At present, herbal medicines have been shown to be a promising approach for curing lung cancer (32,33). Since our crude extract is an unfractionated plant extraction, it is possible that the components mediating cell death of different tumor cell are not identical. For a specific plant, different extraction processes may produce a variety of compounds with different concentrations and various bioactivities (34). The present results suggested that there may be valuable active compound(s) against human non-small cell lung cancer A549 cell in the PE extract of C. album L. At this stage, it is not possible to elucidate whether these effects on A549 cell growth are induced by specific compounds or are the result of the combined action of multiple compounds in the extract. As an edible Chinese medicinal herb, C. album L. has no toxicity and few side effects. C. album L is a wild neglected herb which has various pharmacological properties, such as antiviral, antifungal, anti-inflammatory, antiallergic, antiseptic and immunomodulating activities. However it has some side effects since it contains porphyrin. Any plant that contains such a substance belongs to the ling sensitivity plants; after people eat it and are then exposed to sunlight, they are prone to developing a skin disease called phytophotodermatitis (35). therefore, the plant can be consumed as a human food and is expected to benefit individuals with lung cancer (36).

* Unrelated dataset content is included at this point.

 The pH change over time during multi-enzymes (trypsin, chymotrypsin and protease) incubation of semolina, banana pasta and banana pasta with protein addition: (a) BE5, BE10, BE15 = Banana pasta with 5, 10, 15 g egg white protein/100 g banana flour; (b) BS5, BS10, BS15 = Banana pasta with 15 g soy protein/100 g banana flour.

In conclusion, the present study, for the first time, screened different phytochemical extracts from C. album L. against non-small cell lung cancer A549 cell to explore their anticancer activities, and demonstrated that the PE extract of C. album L. specifically inhibited A549 cell growth by inducing cell cycle G1 phase arrest and cell apoptosis. These results may provide valuable data for assessing the possible usage of phytochemicals from C. album L. in exploring and developing novel cancer therapies and healthcare products.